#### Exercise materials:
···
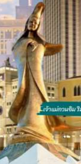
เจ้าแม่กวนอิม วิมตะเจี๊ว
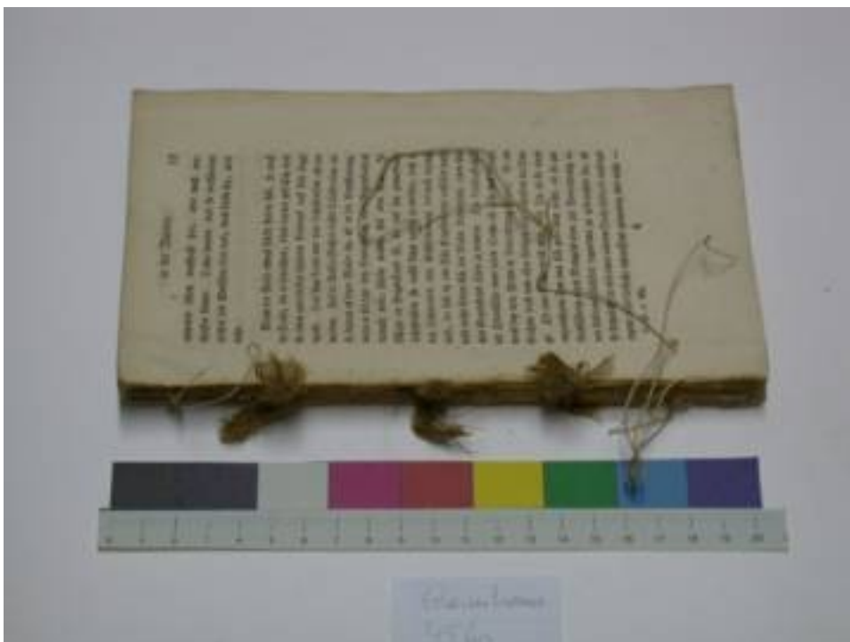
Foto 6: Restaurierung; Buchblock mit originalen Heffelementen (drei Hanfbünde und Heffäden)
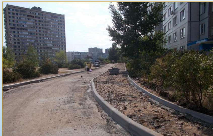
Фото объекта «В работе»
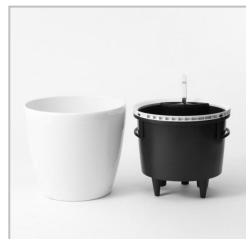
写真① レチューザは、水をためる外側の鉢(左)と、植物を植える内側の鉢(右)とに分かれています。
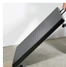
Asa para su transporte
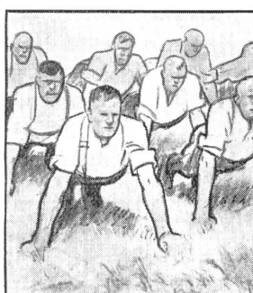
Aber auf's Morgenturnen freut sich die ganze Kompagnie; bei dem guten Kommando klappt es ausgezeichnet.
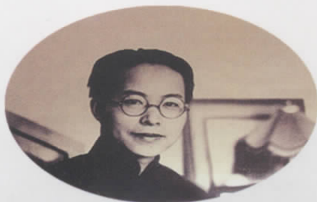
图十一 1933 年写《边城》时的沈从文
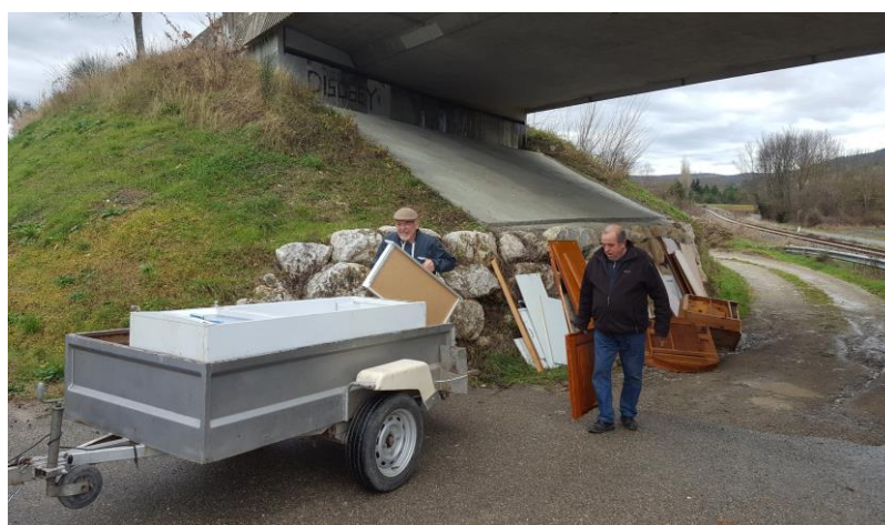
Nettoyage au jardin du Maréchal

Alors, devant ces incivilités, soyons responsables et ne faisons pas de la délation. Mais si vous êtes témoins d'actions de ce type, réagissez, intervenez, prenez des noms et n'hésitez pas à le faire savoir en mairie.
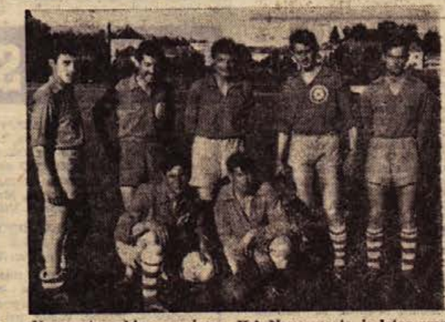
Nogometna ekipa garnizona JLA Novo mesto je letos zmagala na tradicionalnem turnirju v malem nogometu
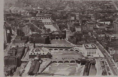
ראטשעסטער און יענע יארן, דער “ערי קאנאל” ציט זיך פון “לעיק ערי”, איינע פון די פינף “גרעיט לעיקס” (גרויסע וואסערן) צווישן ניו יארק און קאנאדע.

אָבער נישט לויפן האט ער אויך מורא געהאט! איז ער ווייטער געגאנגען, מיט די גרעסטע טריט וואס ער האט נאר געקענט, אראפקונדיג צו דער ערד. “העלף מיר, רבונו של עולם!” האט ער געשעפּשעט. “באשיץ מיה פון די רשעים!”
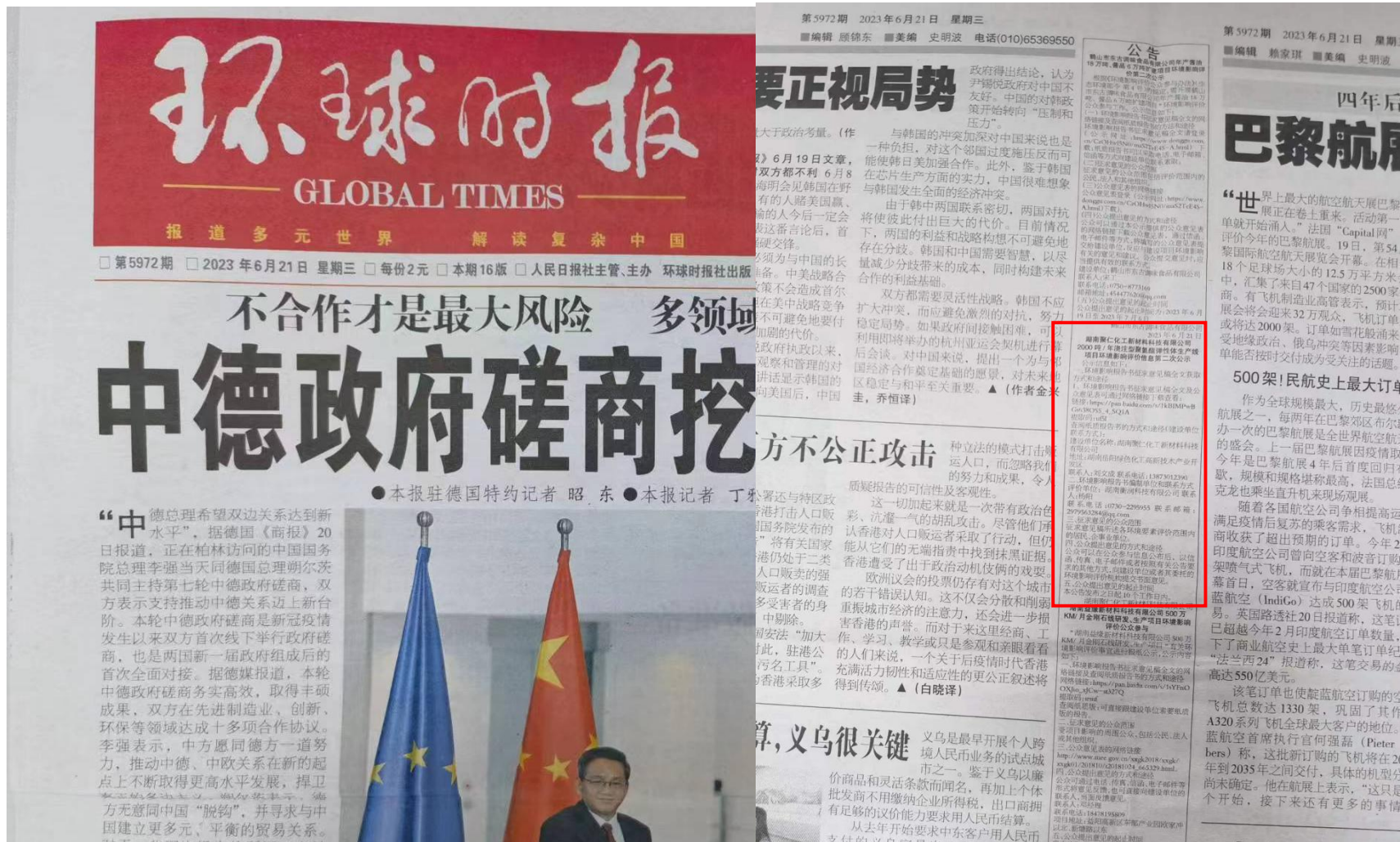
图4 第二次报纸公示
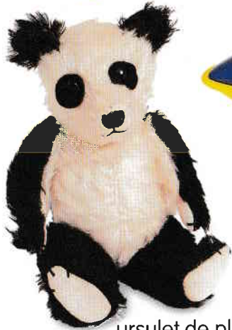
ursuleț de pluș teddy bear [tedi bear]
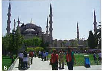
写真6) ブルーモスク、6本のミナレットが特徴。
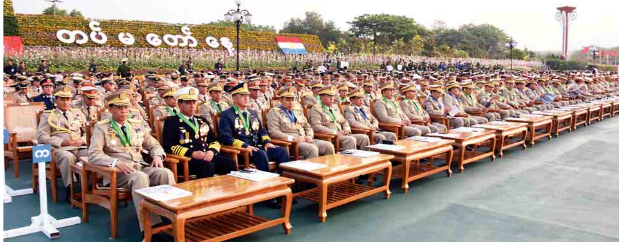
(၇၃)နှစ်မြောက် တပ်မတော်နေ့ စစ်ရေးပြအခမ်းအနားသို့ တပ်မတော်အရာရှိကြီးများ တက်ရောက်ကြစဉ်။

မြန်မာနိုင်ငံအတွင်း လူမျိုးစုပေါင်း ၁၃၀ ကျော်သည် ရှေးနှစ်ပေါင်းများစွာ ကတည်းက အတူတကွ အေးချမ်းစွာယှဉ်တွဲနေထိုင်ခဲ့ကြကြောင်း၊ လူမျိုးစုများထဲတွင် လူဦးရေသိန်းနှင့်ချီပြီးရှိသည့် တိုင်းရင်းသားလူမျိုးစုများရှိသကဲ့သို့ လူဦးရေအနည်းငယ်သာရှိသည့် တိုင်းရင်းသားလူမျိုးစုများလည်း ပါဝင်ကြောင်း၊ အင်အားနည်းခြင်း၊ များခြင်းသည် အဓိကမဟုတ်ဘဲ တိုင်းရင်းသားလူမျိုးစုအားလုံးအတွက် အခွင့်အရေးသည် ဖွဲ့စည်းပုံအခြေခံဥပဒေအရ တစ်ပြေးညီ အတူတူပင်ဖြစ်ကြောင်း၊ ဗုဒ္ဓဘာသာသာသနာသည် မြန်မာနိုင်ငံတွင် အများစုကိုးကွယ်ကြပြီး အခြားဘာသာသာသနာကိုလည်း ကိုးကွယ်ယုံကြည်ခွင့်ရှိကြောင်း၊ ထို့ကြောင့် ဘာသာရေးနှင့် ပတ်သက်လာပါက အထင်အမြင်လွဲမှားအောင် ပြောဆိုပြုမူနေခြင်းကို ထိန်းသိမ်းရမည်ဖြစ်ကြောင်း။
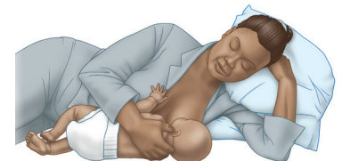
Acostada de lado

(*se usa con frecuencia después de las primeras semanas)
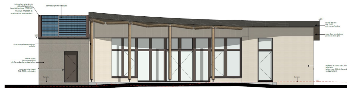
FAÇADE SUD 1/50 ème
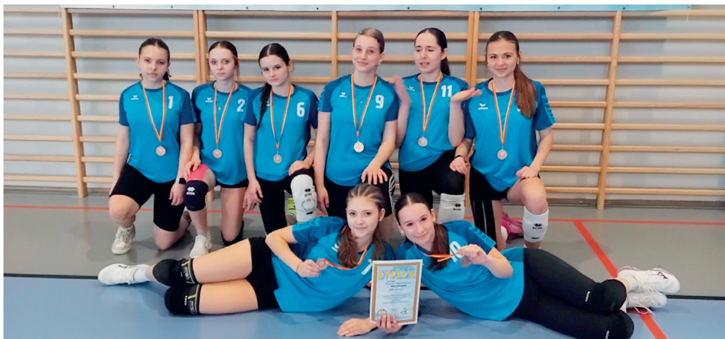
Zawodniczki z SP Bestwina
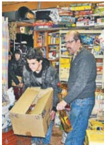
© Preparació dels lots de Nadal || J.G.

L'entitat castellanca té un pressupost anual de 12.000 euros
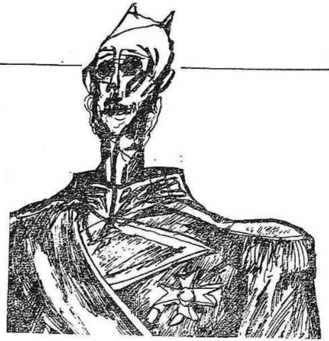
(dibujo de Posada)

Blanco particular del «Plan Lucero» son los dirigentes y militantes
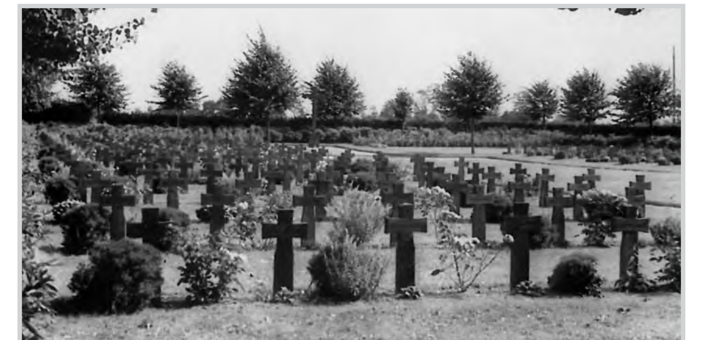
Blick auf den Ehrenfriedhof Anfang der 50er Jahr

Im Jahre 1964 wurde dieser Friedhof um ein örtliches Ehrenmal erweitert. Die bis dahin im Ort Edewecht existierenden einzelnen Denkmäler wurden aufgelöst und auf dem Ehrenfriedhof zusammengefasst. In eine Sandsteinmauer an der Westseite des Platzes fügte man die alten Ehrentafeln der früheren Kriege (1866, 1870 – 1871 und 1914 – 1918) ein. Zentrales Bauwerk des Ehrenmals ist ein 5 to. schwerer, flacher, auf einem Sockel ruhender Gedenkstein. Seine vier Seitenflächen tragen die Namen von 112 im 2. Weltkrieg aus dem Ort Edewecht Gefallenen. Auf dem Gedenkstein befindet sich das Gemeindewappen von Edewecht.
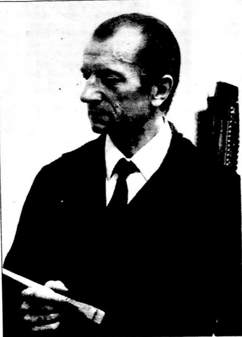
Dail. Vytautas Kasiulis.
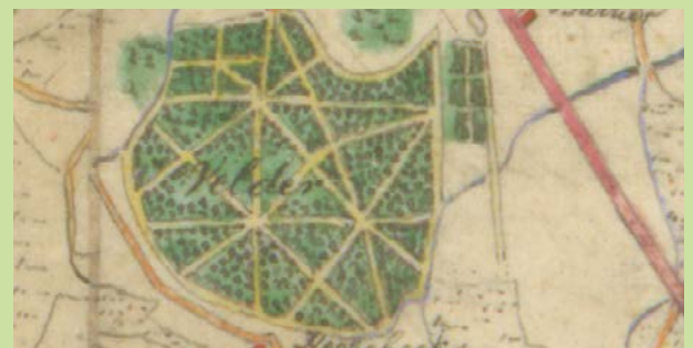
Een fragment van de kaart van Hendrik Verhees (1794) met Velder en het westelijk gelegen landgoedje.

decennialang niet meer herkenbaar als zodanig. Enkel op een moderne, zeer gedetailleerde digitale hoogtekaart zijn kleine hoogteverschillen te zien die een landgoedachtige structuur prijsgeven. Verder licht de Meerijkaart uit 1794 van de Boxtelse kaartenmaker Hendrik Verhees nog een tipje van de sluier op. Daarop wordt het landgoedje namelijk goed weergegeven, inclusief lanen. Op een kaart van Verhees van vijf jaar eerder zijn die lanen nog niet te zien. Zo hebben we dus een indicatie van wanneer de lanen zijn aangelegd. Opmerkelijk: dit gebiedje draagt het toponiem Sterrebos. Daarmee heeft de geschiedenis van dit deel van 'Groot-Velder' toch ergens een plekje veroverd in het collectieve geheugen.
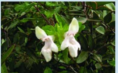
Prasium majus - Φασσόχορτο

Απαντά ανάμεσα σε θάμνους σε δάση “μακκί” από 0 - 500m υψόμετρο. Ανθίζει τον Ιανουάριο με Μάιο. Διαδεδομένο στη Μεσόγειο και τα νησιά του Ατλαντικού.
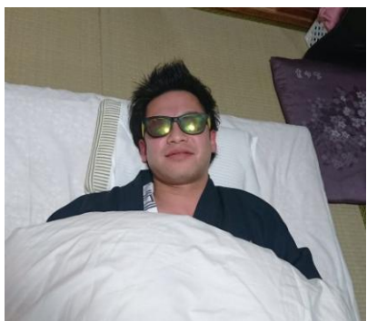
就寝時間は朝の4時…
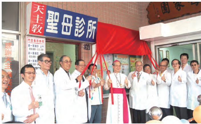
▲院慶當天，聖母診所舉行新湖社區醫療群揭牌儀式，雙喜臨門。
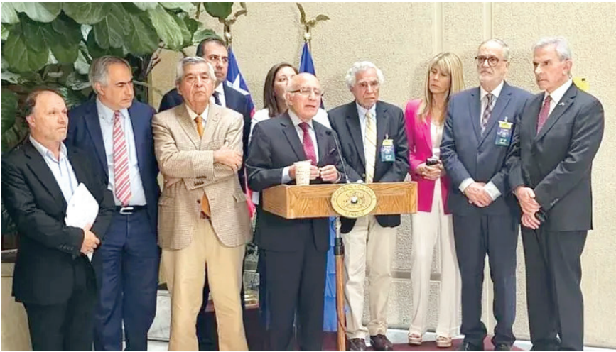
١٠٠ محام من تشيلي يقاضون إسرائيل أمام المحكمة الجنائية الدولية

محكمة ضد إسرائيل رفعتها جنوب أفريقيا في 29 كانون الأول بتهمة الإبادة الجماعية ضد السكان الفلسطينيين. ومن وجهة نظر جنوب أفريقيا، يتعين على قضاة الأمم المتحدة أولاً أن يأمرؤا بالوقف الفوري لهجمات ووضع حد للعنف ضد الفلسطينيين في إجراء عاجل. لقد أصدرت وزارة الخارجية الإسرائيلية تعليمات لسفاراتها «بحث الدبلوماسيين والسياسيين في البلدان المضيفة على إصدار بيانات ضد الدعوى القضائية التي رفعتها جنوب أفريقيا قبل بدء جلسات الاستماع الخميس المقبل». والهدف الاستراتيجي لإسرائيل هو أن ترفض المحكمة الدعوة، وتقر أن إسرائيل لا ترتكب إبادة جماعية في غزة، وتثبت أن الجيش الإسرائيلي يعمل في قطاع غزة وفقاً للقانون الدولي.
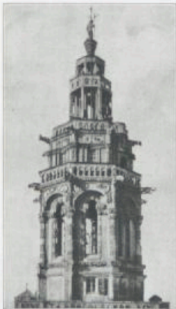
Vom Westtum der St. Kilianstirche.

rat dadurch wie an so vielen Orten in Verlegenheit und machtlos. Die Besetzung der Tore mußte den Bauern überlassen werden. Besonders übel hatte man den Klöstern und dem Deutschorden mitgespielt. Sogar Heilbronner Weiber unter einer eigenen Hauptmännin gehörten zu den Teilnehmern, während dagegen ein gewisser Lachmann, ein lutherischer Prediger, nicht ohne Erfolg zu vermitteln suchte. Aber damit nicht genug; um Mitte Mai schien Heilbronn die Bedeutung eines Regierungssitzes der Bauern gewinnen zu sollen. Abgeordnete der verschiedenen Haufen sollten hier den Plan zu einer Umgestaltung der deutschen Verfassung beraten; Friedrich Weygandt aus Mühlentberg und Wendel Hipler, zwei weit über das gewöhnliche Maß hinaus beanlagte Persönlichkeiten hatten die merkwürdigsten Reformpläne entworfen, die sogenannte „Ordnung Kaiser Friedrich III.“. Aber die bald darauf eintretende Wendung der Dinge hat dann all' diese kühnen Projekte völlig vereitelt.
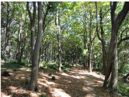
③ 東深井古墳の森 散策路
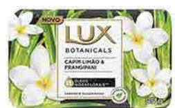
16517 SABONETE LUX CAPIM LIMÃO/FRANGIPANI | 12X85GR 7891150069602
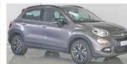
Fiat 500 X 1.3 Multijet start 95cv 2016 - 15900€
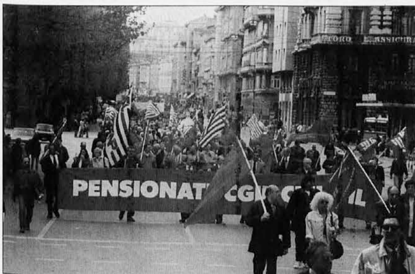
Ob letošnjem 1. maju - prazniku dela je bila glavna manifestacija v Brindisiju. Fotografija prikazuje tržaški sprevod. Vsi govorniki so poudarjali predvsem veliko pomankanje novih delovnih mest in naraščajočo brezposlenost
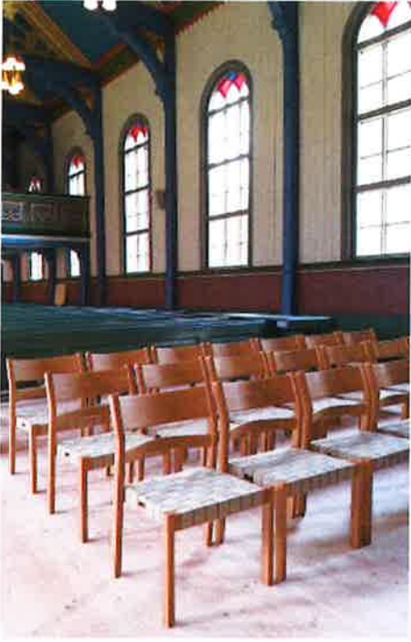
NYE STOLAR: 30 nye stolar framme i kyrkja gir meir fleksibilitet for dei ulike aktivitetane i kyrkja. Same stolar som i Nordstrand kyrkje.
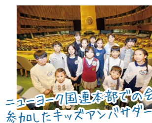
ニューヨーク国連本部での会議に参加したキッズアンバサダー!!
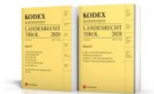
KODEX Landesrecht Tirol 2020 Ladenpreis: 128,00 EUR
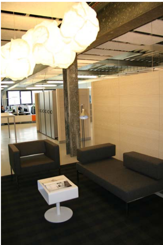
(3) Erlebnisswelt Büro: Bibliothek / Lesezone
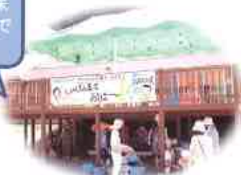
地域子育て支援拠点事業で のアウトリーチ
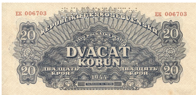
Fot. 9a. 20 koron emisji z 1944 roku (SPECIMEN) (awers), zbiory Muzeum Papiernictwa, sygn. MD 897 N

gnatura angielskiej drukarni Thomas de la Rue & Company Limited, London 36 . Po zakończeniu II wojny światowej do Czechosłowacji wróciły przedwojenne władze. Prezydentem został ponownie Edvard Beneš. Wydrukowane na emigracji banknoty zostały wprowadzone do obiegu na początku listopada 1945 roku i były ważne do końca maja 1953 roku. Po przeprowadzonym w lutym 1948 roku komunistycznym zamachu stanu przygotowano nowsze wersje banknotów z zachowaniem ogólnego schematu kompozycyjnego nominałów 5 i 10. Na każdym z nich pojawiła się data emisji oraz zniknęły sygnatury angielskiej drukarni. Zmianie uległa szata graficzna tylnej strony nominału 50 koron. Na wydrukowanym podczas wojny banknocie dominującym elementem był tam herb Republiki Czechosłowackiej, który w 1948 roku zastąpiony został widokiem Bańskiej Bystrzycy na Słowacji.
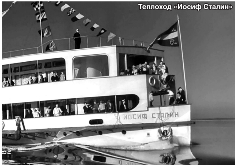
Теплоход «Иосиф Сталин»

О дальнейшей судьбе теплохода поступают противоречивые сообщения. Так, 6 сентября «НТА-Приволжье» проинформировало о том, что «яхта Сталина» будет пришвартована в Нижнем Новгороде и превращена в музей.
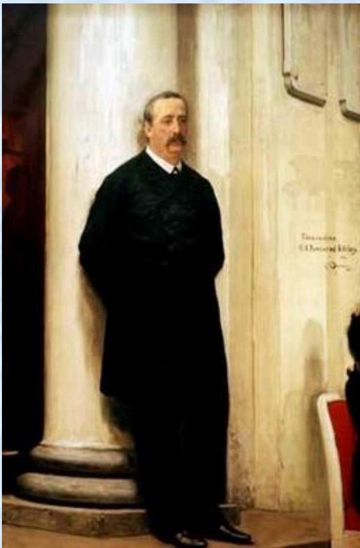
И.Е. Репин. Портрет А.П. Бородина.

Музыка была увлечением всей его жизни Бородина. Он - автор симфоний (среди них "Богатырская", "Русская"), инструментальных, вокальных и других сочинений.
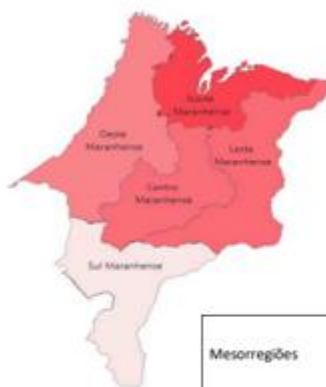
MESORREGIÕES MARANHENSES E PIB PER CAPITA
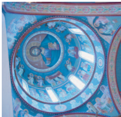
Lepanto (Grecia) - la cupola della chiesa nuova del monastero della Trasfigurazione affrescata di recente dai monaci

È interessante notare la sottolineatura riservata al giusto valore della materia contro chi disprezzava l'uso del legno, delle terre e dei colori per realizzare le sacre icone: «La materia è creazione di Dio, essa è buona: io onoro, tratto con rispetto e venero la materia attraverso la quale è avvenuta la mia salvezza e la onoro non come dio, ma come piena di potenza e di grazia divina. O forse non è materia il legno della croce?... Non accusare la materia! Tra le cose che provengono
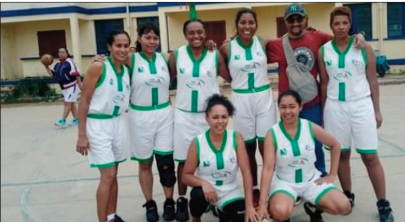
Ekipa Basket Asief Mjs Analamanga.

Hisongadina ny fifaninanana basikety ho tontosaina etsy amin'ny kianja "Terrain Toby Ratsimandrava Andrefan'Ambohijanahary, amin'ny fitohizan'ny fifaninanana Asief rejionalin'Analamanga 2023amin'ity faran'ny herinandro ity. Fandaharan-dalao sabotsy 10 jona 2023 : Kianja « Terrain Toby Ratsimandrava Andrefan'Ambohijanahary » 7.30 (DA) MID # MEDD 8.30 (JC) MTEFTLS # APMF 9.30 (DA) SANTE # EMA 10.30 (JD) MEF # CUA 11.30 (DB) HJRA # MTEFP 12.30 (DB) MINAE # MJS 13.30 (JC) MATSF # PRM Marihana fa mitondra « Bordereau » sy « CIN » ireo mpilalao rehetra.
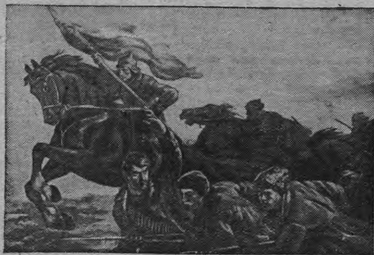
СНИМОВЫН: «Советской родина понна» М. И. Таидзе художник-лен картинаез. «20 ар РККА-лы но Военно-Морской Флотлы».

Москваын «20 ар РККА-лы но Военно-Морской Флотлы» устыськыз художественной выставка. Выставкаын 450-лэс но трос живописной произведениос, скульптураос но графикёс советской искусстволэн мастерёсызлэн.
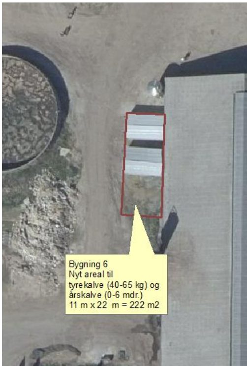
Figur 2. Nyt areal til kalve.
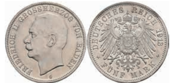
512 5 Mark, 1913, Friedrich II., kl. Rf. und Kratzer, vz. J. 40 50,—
···
#### Exercise goal:
Where the string "Analamanga" occurs in a line of the listing, copy the line.

#### Solution to this exercise:
Ekipa Basket Asief Mjs Analamanga.
Hisongadina ny fifaninanana basikety ho tontosaina etsy amin'ny kianja "Terrain Toby Ratsimandrava Andrefan'Ambohijanahary, amin'ny fitohizan'ny fifaninanana Asief rejionalin'Analamanga 2023amin'ity faran'ny herinandro ity. Fandaharan-dalao sabotsy 10 jona 2023 : Kianja « Terrain Toby Ratsimandrava Andrefan'Ambohijanahary » 7.30 (DA) MID # MEDD 8.30 (JC) MTEFTLS # APMF 9.30 (DA) SANTE # EMA 10.30 (JD) MEF # CUA 11.30 (DB) HJRA # MTEFP 12.30 (DB) MINAE # MJS 13.30 (JC) MATSF # PRM Marihana fa mitondra « Bordereau » sy « CIN » ireo mpilalao rehetra.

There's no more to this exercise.